Moses had made time for God. He wasn’t perfect, but he was willing to work with God to become the leader he was. That prophet had humbled himself enough to get direction from God. He gave himself freely to be transformed.

I explain all this in my little two-minute message today if you want to take a listen.

When God’s Expectations Are the Most Loving Thing He Can Give

And do you know what? I LOVE that just like God did for Moses, He has expectations from us. He sees what we can be and wants us to grow to get there. He doesn’t just praise and give us kudos for everything we do. Because He knows our worth. And sets expectations so we can know it too.

How often do we have transformative experiences that change our hearts? And how can we hold onto them?

Showing up as the people we want to be in relationships and sitting in the hard with incomprehensible differences until we humble our hearts enough to grow and learn and connect is what it’s all about.

This is what creates depth and also what helps us grow.

A loving God shows true love when creating boundaries and expects a lot from us. He calls us to live more holy lives, to humble our hearts, and to give Him part of our heart. Those bounds help shape us.

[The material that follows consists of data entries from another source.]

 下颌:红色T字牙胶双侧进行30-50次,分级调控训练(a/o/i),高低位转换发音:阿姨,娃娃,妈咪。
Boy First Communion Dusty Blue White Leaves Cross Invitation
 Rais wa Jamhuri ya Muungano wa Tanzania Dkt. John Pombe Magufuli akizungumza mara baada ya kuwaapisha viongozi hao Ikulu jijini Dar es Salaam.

How to Hold Onto Transformative Moments

Of course, we are still loved even when we don’t keep the “conditions” He gives us. That’s what grace is all about. But those boundaries help us become the kind of people who are humble enough to let God lead and guide us. And bring us joy, and yes, perhaps a “shining” face like Moses’s face when he came down from that mountain.

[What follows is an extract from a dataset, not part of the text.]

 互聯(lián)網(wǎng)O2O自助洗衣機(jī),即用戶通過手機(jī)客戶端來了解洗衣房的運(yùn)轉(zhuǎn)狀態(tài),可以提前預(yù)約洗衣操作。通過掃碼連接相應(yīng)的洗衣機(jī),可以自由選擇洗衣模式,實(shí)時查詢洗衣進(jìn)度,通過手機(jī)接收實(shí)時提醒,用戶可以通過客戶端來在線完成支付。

He gave his heart enough to be transformed by God. Moses didn’t come down from that mountain unchanged. He came down shining. Because he had given himself fully to a relationship that expected something of him.

I think that’s what God offers each of us. Not easy, frictionless approval, but the kind of love that sees what we’re capable of and holds us to it. That’s what transforms us. And that’s what I want to lean into. In my relationship with God as well as in every relationship that matters to me.

More Thoughts on Relationships

One Comment

  1. I have so enjoyed reading this blog. It’s a beautiful thing to watch a family grow and change over the years and so poignant to see the children become adults and the adults move into their later years.
    The beauty of life abounds even in it’s swift passing.

    I still remember, crisp and clear, the tone of my grandfather saying grace as we ate dinner in their kitchen in a house that housed 6 children who all returned with their own. He himself is now gone much longer than I care to remember, as he feels like an anchor in my life, in part surely due to the moral force of his faith. I know that the Heavenly Father that he addressed was as good and as real as anything could be because he addressed him so earnestly, taking care to remember all of those close to us and those in need in our circle and always, but always, thanking him for the bounty.
    And that’s what we can share, the bounty and goodness of family life. Thank you.